Senate Bill 5564 has been signed by both the senate and house and is heading to Governor Inslee for signature (who is expected to sign the law). The law will make it easier for juveniles to seal their criminal records and dispose of debts that they cannot pay.
Under the new law, after disposition (i.e. sentencing) on a juvenile offense, the court will set the case for an administrative sealing hearing after the individual’s eighteenth birthday (or later) to make sure the case is sealed if all the requirements are met. If a case that could be sealed somehow falls through the cracks, the individual can also file a motion to seal the record, and get a hearing that way.
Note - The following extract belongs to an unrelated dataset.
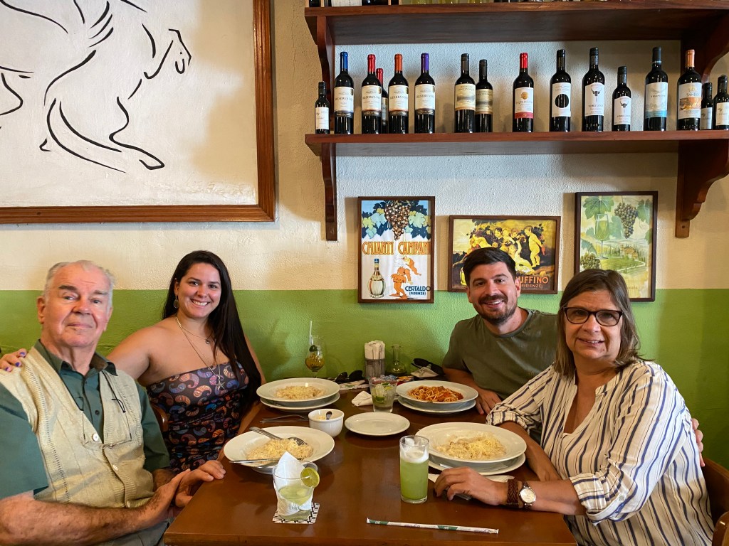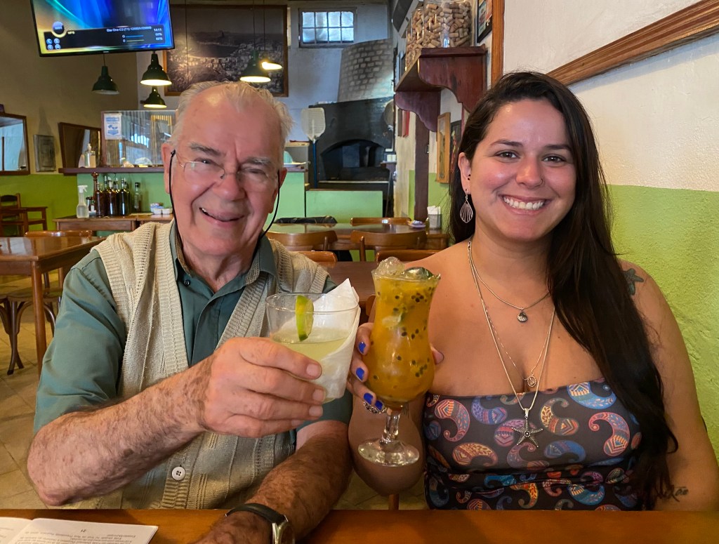 Voltamos para a pousada bem molhados, banho quentinho e descansamos. A noite meu avô nos convidou para jantar no Margarida Café, um restaurante que ele adora e também gostamos muito. Música ao vivo e comida boa – pedimos pizzas.

At the hearing, the court shall seal the record so long as the offense is not a most serious offense, a sex offense under chapter 9A.44 RCW, or a felony drug offense, and some other conditions are met. If the offense is one of those more serious offense, it may still be sealed, but there are other applicable rules.
Before sealing the record, the individual will have to pay off all of the restitution to the victim of the case, unless the victim is an insurance company. However, if the victim is ok with it, the court can covert the restitution amount to community service. The new law also allows the juvenile to reduce or eliminate the interest they previously had to pay on their case.
The new law is attempting to make it easier for juveniles convicted of crimes to assimilate back into the community and be productive members of society.